Were they bought by a management team that didn't value technology? That seems likely if some of the development, release, and design decisions are to be believed. Core competencies seemed to be farmed out to third parties. Technologies like SANs were brought into to solve problems instead of dealing with the problems directly. Both are deadly. Whatever makes you a success you must own completely. Maybe being an "entertainment" company rather than a technology company fosters that sort of approach. But that again would get back to ownership and management. People seem to forget that talent can't work in a straight jacket, unless they are magicians.

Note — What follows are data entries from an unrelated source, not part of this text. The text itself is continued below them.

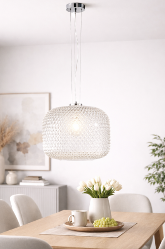 Závěsné svítidlo FAN Europe ASHFORD v čirém provedení je symbolem nadčasového designu a lehkosti. Průhledné skleněné stínidlo s dekorativní strukturou jemně rozptyluje světlo a vytváří příjemnou atmosféru bez zbytečné vizuální zátěže. Díky průměru Ø 40 cm se stává výrazným, ale stále elegantním prvkem interiéru. Skvěle se hodí nad jídelní stůl, do obývacího pokoje i do vzdušné ložnice.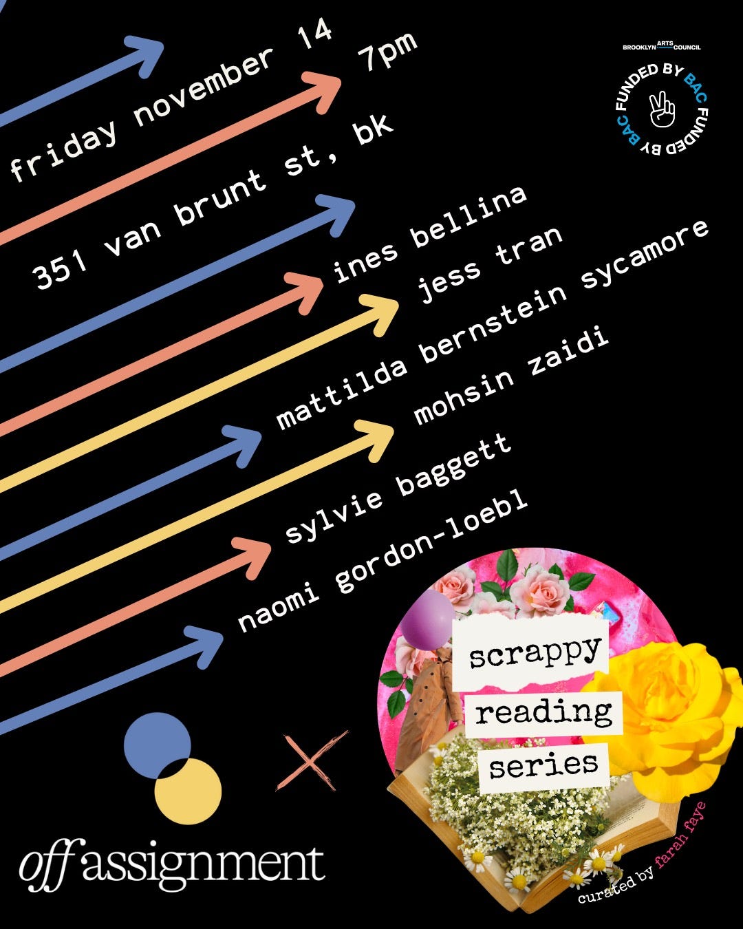 My other small piece of news is that I’m reading, alongside a bunch of very talented folks, at an event on November 14th in Brooklyn (flyer below), and I’d love if you were there! Tickets are free—just RSVP here—and the theme is “scrappy.” Still haven’t decided what I’m reading, or whether I personally qualify as scrappy, but come to find out the answers to both.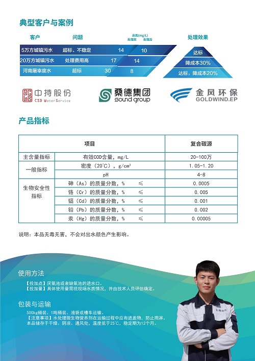 本品具有反應快、吸收快、零下不結冰的特點,尤其適合我國北方冬季水廠使用。在城鎮污水、河道治理、印染、食品、養殖、屠宰、電鍍、化工、垃圾滲濾液等行業廢水總氮處理上表現優秀。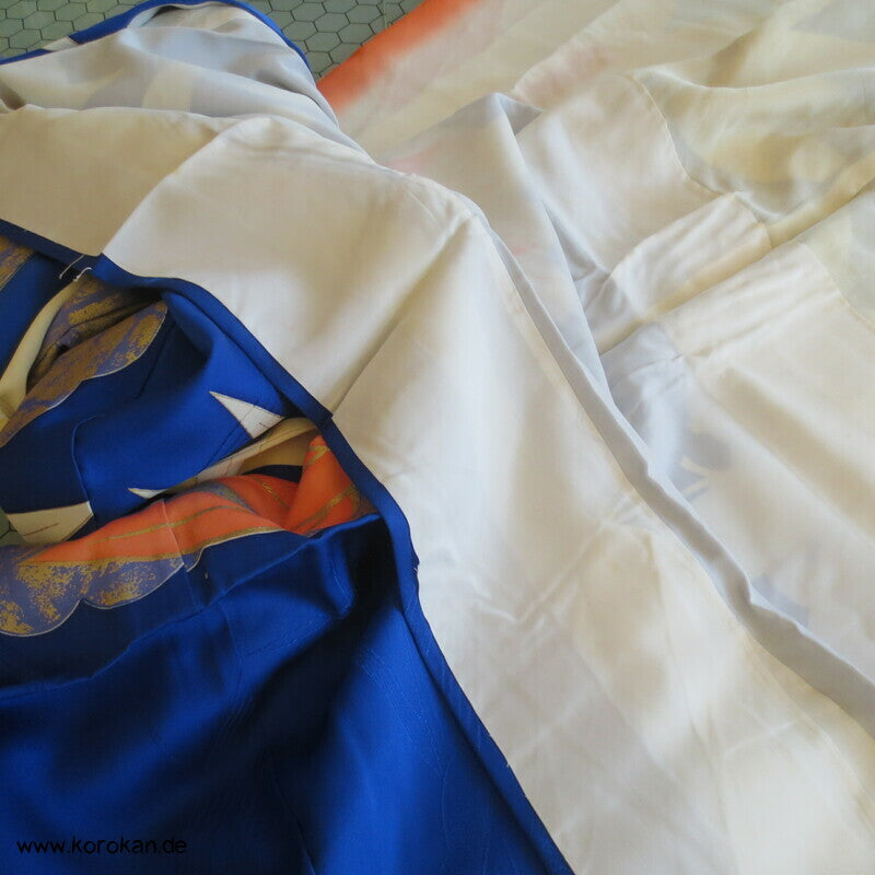Oberes Futter helle Seide, unteres Hakkake Seidenfutter mit Bokashi Verlaufsrand.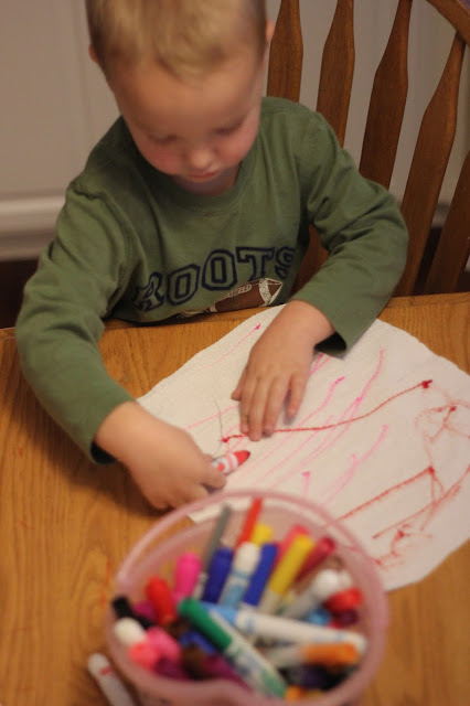 Start by coloring on paper towels with markers or dropping liquid watercolors over them. Add a little water using a turkey baster or dropper to help the colors mix and spread. Once the towels are covered in color, let them dry completely.

Gregg Le Blanc commented on Scoble’s post:

When MySpace gave their keynote as to why they switched to Microsoft at MIX06, the cited the fact that they could handle the same user load on basically 2/3 the servers (246 -> 150) with a decrease of average CPU load from 85% to 27% to serve pages at their 65 million user load. …

So, I think it's more about people, architecture, and business plan.

S Jain said:

I think putting the blame on Microsoft is totally wrong (I do not work on .Net at present so i have no biases). I think it was a culture at MySpace. I work at a start-up in LA and have many friends at MySpace. It was so often I'd be working late and they'd say apply to a bigger company why work so late. Nothing against those guys but the culture there was go to work at 10-11 and home by 7.

Scott Seely added:

I was at MySpace for a while. The reasons for the decline MySpace has nothing to do with technology. It has everything to do with human issues. Once Chris DeWolfe and Tom Anderson left, a lot of the key leadership followed. Also, a lot of the creatives (product managers, devs, artists, etc.) saw executives leaving and decided it was a good time to try something else. Too much institutional knowledge left too quickly, and that sabotaged MySpace. Basically, when Owen Van Netta was announced, people worked their networks and started moving. And yes, a complicated system is hard to change when the architects have moved on to new challenges, lead devs are busy at new companies, and product managers are pushing ideas elsewhere. Facebook, Twitter, and others would have the same issues if the top 20% of their talent vacated the business as fast as what happened with MySpace.

What is your take on MySpace’s decline? Is Microsoft’s technology not scalable for 100M users? Is there not enough talent in LA to create a large website? Is it the management or the departure of talented people responsible for the initial design? Or something else?